For this exercise, copy exactly only the lines from the one containing "Varför inte baka" to the final line of the material below, without the pictures.

*** DATA PROVIDED Section Begins ***

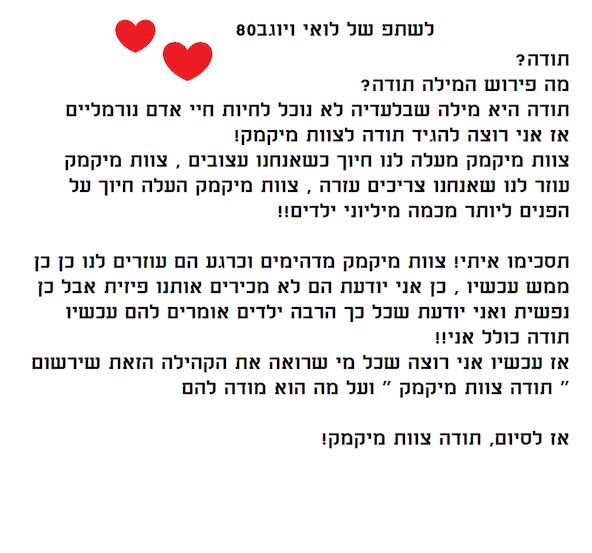 היי חברים אני יודעת שאני מעלה בתקופה הזאת מלא קהילות אבל זה בגלל שאני בכל כך הרבה חופשות וסידורים שאני צריכה לארגן בימים הקרובים אז אני מעלה את הקהילות בתקופות יותר מצומצמות. ולעניניינו כמה שתפים יש לאחרונההההה ואני מנסה להשתתף בכמה מהם אז הנה ! מכל השתפים זאת עבודת השתפ הכי הכי מיוחדת וחשובה , תודה! שתפ שאפשר להסביר במילה אחת אזזזז בהצלחה לכולם ותודה לכם עוקבים שלי
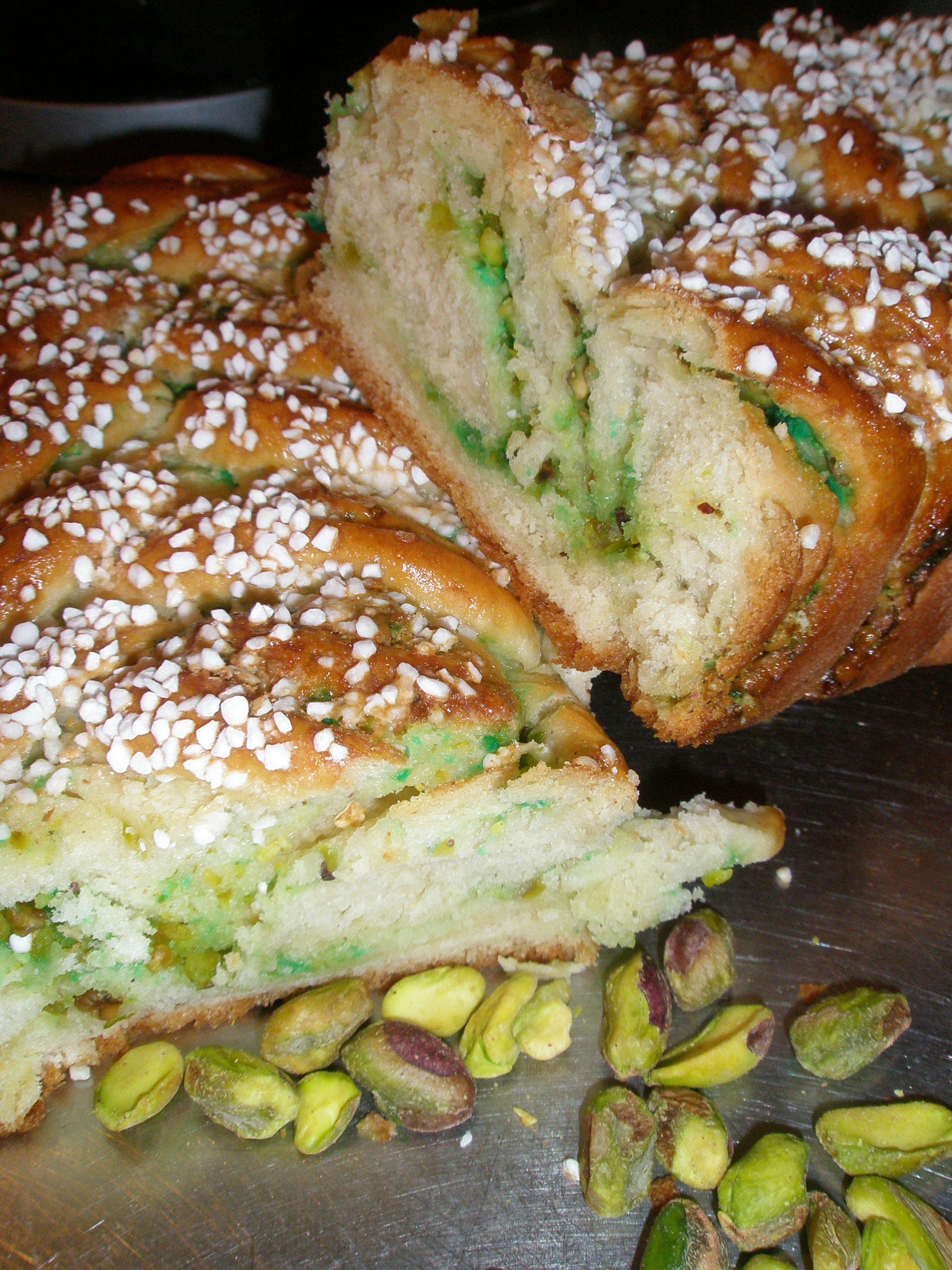 Varför inte baka några goda vetelängder med pistagefyllning? Pistagemandel ger en underbar smak i vetebröd. Passar att frysa in – eller avnjutas ljumma och nygräddade för den delen…
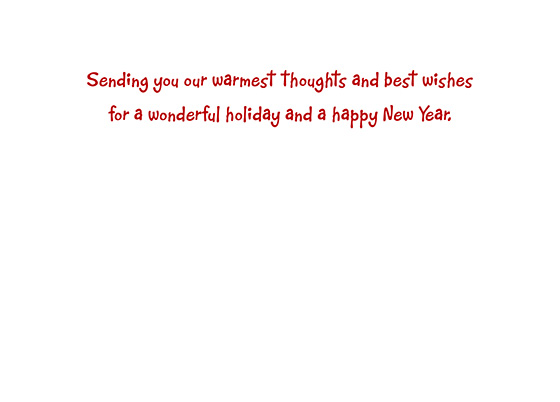 Standard Inside Verse: Sending our warmest thoughts and best wishes for a wonderful holiday and a happy New Year. - Upload a photo or company logo to include on the inside

*** DATA PROVIDED Section Ends ***

### [SOLUTION FOR THIS EXERCISE]
 Varför inte baka några goda vetelängder med pistagefyllning? Pistagemandel ger en underbar smak i vetebröd. Passar att frysa in – eller avnjutas ljumma och nygräddade för den delen…
 Standard Inside Verse: Sending our warmest thoughts and best wishes for a wonderful holiday and a happy New Year. - Upload a photo or company logo to include on the inside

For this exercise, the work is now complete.